▶ _Try it_
Please keep to the lines below from the one with "Figure 7 demonstrates" through the one with "今年活動將於111年10月8", and restate them word for word, ends included.

▶ _Provided records_

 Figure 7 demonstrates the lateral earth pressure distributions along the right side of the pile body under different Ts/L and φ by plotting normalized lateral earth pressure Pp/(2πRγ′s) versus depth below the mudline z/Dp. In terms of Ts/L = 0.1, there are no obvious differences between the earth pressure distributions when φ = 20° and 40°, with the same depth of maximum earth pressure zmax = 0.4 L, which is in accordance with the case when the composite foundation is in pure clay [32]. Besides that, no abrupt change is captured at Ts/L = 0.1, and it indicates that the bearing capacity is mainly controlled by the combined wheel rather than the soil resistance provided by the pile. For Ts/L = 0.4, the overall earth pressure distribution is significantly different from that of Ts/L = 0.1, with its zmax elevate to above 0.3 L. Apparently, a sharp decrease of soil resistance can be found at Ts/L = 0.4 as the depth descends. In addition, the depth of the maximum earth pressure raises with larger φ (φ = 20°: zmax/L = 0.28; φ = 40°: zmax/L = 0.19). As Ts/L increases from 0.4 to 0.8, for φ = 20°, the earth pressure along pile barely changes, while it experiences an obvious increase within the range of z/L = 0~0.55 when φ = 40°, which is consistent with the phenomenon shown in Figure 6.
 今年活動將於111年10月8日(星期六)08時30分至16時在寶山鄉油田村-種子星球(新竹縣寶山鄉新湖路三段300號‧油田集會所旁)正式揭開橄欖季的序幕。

---

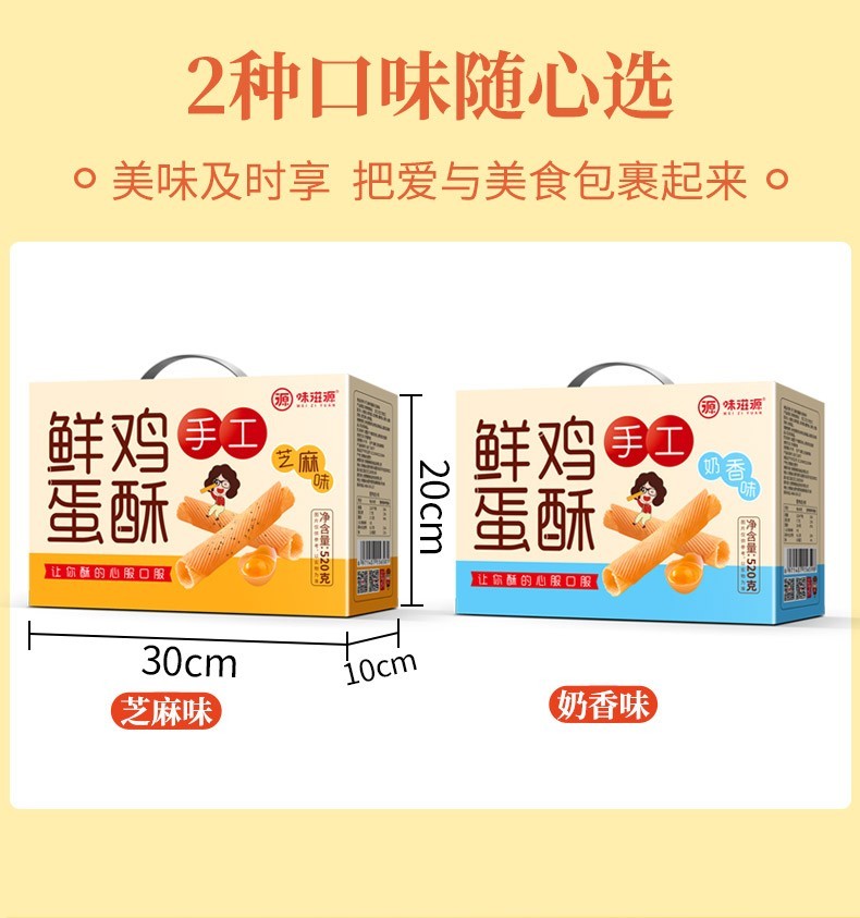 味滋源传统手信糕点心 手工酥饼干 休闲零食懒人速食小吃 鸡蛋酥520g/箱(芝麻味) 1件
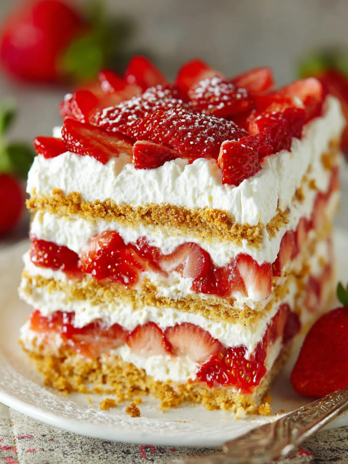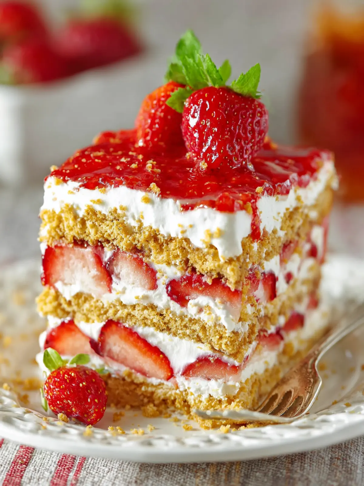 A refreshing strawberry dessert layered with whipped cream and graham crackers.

▶ _Task answer_
 Figure 7 demonstrates the lateral earth pressure distributions along the right side of the pile body under different Ts/L and φ by plotting normalized lateral earth pressure Pp/(2πRγ′s) versus depth below the mudline z/Dp. In terms of Ts/L = 0.1, there are no obvious differences between the earth pressure distributions when φ = 20° and 40°, with the same depth of maximum earth pressure zmax = 0.4 L, which is in accordance with the case when the composite foundation is in pure clay [32]. Besides that, no abrupt change is captured at Ts/L = 0.1, and it indicates that the bearing capacity is mainly controlled by the combined wheel rather than the soil resistance provided by the pile. For Ts/L = 0.4, the overall earth pressure distribution is significantly different from that of Ts/L = 0.1, with its zmax elevate to above 0.3 L. Apparently, a sharp decrease of soil resistance can be found at Ts/L = 0.4 as the depth descends. In addition, the depth of the maximum earth pressure raises with larger φ (φ = 20°: zmax/L = 0.28; φ = 40°: zmax/L = 0.19). As Ts/L increases from 0.4 to 0.8, for φ = 20°, the earth pressure along pile barely changes, while it experiences an obvious increase within the range of z/L = 0~0.55 when φ = 40°, which is consistent with the phenomenon shown in Figure 6.
 今年活動將於111年10月8日(星期六)08時30分至16時在寶山鄉油田村-種子星球(新竹縣寶山鄉新湖路三段300號‧油田集會所旁)正式揭開橄欖季的序幕。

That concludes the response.